CAs required to check DNS CAA RR

Interesting, finally some more security measures for issuing certificates.

Digicert just sent this email out and doing only this is not totally foolproof, but a small step that will hopefully make all the difference in the long term.

CAs Required to Abide by DNS CAA Resource Records Starting September 8, 2017

Starting September 8, 2017, Certificate Authorities (CAs) are required to check, process, and abide by a domain’s DNS Certification Authority Authorization (CAA) resource records (RRs) before a certificate can be issued to the requestor.

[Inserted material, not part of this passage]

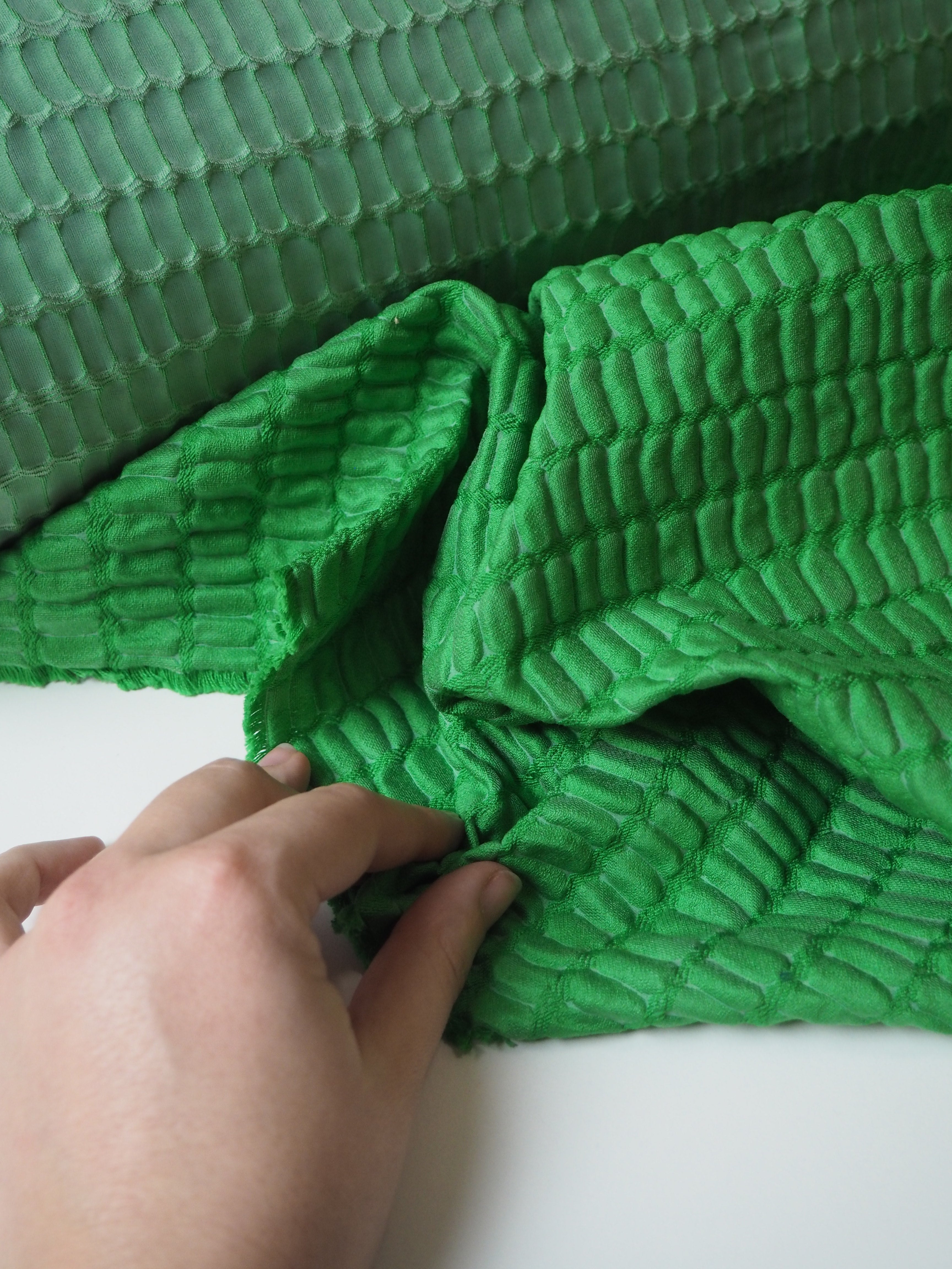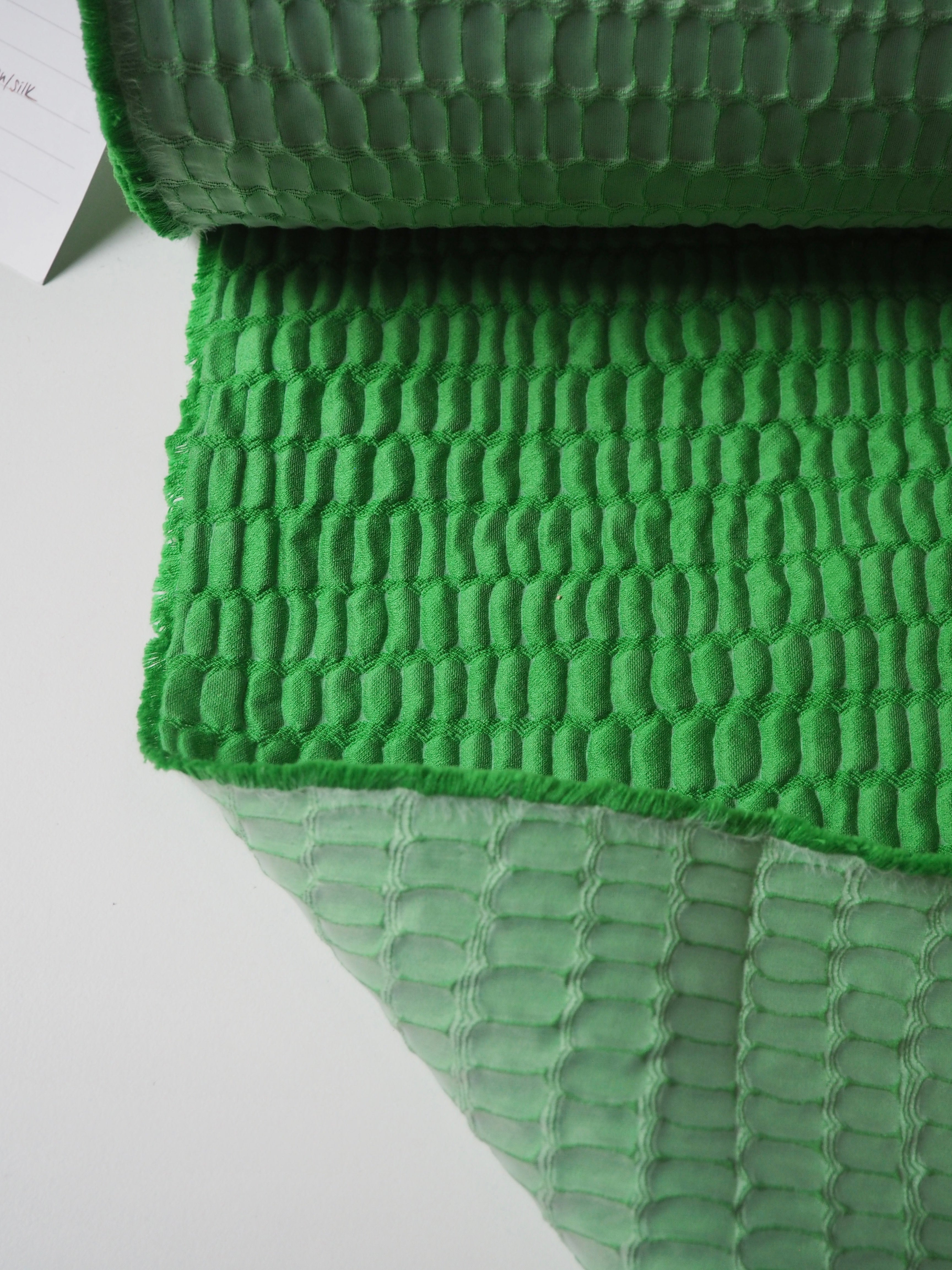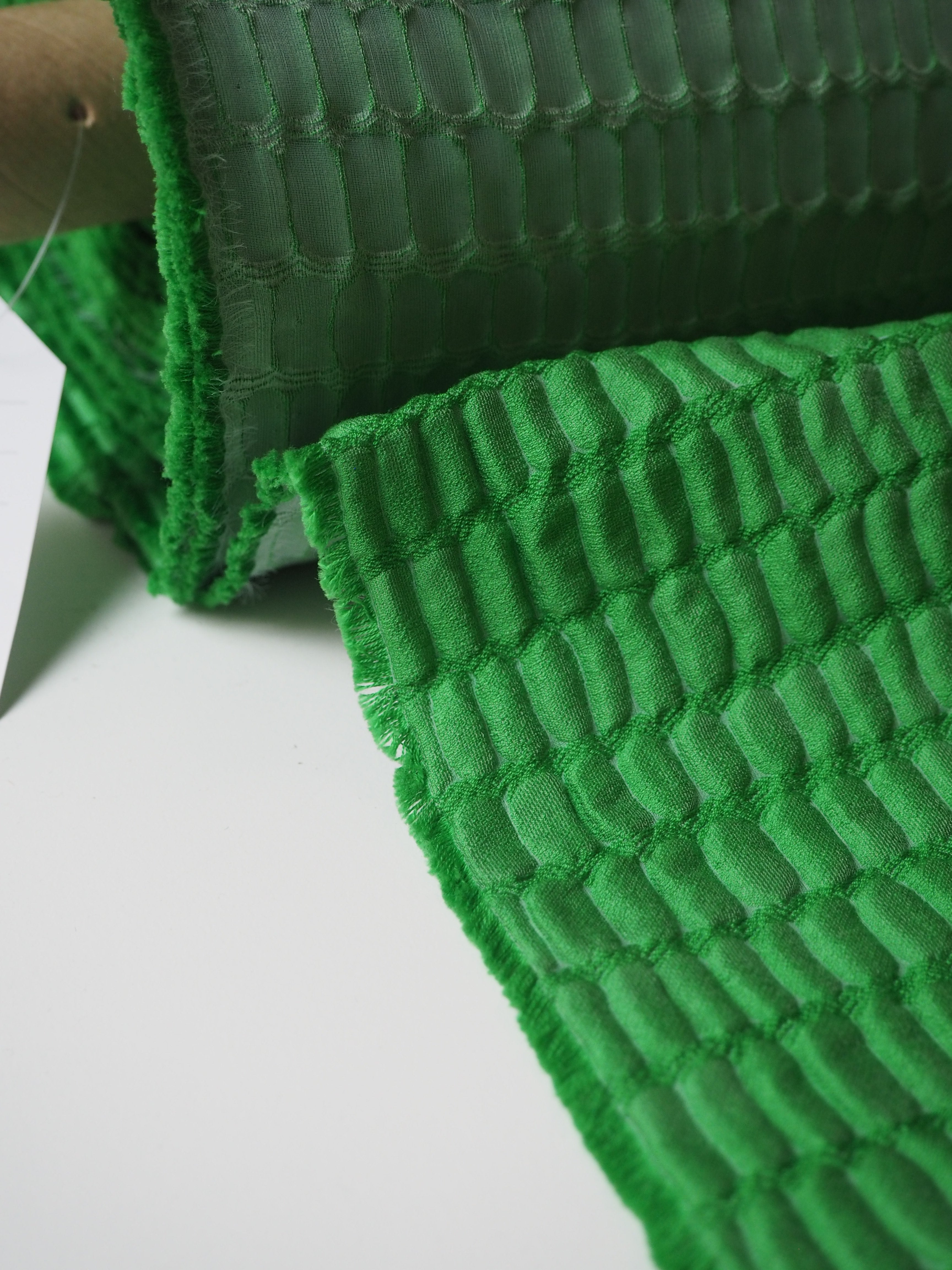 This ex-designer fabric is a stunning cloqué. This cloqué is a rich medium green shade, with a crocodile embossed looking weave. It has a plush risen texture and wonderful nylon/silk blend handle. Lightweight with an incredible airy structure and bouncy movement. Fully opaque. Finishes with a light sheen. Perfect for a special project!

Note: If you are not using CAA resource records, this change does not directly affect you. We will continue to issue your certificates as before.

Prior to issuing a certificate, a CA will check the CAA RRs to establish whether they can issue a certificate for a domain. A CA can issue a certificate for a domain if a record for the domain doesn’t exist or if a record for the domain exists authorizing the CA to issue that type of certificate for the domain.

If you have or are planning to create CAA RRs for your domain(s), please see DNS CAA Resource Record Check.

CAA Resource Record Not Required

A CAA resource record is NOT REQUIRED for DigiCert to continue issuing certificates for your domains. The information provided concerning these records is only important if you already have CAA resource records set up for any of your domains or if you would like to add CAA resource records for your domains.